Mais l’actualité récente a montré que l’utilisation du crédit peut aussi devenir
dangereuse. Il est vrai que certains particuliers ne parviennent pas à gérer
correctement leur budget et se laissent aller à la facilité de crédits multiples : ils
plongent alors dans le surendettement. Cependant, les prêteurs sont aussi
responsables. La crise financière des « subprimes » aux Etats-Unis résulte de ce
besoin de créer de nouvelles dettes en prêtant de l’argent à des ménages trop
pauvres qui ne pourront rembourser leurs prêts.

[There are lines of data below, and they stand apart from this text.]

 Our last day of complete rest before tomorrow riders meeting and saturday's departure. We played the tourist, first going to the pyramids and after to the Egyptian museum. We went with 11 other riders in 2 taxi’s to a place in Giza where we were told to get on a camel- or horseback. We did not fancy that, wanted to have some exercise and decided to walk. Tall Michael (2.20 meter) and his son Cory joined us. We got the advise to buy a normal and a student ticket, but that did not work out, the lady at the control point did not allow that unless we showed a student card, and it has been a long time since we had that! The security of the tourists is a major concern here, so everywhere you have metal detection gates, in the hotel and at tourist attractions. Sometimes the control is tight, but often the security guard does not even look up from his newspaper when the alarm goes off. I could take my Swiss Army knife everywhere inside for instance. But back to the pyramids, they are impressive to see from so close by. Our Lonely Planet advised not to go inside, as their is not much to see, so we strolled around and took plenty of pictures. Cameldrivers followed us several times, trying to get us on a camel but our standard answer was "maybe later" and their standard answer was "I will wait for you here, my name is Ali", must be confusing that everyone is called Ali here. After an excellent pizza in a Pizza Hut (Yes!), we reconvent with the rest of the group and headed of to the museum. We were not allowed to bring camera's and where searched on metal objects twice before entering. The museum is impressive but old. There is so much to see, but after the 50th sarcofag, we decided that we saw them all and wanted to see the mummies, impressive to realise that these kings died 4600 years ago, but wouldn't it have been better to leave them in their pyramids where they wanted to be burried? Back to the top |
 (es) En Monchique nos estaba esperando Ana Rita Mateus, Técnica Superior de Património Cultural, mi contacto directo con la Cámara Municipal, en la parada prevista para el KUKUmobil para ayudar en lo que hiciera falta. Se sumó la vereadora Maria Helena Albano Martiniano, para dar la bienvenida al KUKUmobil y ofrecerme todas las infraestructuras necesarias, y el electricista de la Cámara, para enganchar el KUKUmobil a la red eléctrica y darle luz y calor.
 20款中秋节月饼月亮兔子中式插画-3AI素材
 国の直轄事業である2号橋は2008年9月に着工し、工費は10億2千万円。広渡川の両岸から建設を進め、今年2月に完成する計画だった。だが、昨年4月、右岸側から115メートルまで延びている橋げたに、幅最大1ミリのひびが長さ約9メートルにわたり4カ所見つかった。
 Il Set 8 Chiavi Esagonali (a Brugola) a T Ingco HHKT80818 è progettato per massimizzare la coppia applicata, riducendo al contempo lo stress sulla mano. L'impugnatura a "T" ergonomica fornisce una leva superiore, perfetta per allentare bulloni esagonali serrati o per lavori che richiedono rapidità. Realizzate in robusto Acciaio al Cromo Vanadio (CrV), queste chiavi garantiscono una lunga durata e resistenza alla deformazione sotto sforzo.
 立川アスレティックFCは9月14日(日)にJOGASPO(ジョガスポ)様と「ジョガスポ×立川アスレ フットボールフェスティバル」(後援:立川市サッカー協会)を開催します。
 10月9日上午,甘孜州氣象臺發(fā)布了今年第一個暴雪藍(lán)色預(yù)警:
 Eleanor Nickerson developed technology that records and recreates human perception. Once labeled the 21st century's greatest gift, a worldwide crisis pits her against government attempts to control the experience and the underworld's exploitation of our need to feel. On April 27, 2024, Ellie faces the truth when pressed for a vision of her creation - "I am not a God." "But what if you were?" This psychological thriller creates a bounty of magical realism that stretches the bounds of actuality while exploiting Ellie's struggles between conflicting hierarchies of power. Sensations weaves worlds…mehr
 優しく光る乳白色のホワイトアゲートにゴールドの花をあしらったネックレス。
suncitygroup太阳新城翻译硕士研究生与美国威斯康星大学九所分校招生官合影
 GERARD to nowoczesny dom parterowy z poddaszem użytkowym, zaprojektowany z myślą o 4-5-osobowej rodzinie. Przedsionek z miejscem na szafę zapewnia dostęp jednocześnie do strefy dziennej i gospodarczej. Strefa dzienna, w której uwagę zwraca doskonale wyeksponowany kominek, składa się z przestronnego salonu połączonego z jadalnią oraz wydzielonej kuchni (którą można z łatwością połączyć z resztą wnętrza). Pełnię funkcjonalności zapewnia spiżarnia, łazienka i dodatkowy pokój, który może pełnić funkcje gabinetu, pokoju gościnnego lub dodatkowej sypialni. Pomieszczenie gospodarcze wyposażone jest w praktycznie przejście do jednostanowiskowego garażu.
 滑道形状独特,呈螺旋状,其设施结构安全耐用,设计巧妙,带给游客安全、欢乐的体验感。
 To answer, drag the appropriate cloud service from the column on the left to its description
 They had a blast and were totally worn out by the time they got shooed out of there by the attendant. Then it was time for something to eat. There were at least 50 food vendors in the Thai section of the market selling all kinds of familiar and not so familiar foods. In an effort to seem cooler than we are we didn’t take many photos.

Par ailleurs, à la fin du XXème siècle, le capitalisme a évolué vers une
dématérialisation de la monnaie. La carte de crédit à débit différé est une forme de
crédit qui ne repose plus sur une manipulation concrète de la monnaie. Le paiement
en ligne, par Internet fait disparaître pièces et billets. La transaction économique
devient « virtuelle ». On parle aujourd’hui de « capitalisme financier », c’est à dire
que la création de richesse n’est pas seulement le résultat de la production concrète
de biens et de services. Les placements en bourse, par exemple, sont des espaces
virtuels : la monnaie s’y loue, s’y échange contre des titres négociables appelés
actifs financiers ou actions, dont les cours varient selon les circonstances du
« marché ». L’économie réelle passe parfois au second plan au profit d’une
économie virtuelle qui n’est pas sans risque, comme le montrent les sommes
perdues par certains traders…
En conclusion, nous pouvons dire que le mot « crédit » est révélateur de
l’évolution du système économique de la planète. Le fait de prêter contre intérêt
relève de conventions sociales qui ont changé au cours des siècles. Cette pratique a
été interdite en France pendant un millénaire car elle n’était pas indispensable au
développement économique, dans un système où la monnaie ne jouait qu’un rôle
secondaire. C’est la naissance du capitalisme occidental au XIVème siècle et son
essor dans la deuxième moitié du XIXème siècle qui a favorisé le crédit. Puis, la
production de richesses s’est peu à peu dissociée du travail pour aboutir, à la fin du
XXème siècle, dans le contexte de la mondialisation de l’économie, à un capitalisme
financier en partie virtuel.
Le crédit joue donc un rôle utile lorsqu’il permet la création de richesses pour
ceux qui en ont besoin . Mais il peut aussi être particulièrement néfaste quand il est
soumis à la cupidité, à l’appât du gain au bénéfice de quelques-uns. De nombreux
dirigeants politiques parlent aujourd’hui de « moraliser le capitalisme ». Cette
expression est intéressante car elle met en relation les deux principaux sens du mot
« crédit » : d’une part, une qualité morale, la confiance, qui suppose honnêteté,
respect d’autrui ; d’autre part, un système économique qui ne peut pas fonctionner
sans contrôle. Tout le débat est de savoir sous quelles formes ce contrôle devra être
instauré…
Pour développer une argumentation pertinente en 3ème, il est
indispensable d’enrichir son vocabulaire, de bien définir ce dont on parle. Pour
cela, la réflexion doit reposer sur de solides connaissances historiques et un
intérêt pour l’actualité.
Vocabulaire et argumentation sont étroitement liés.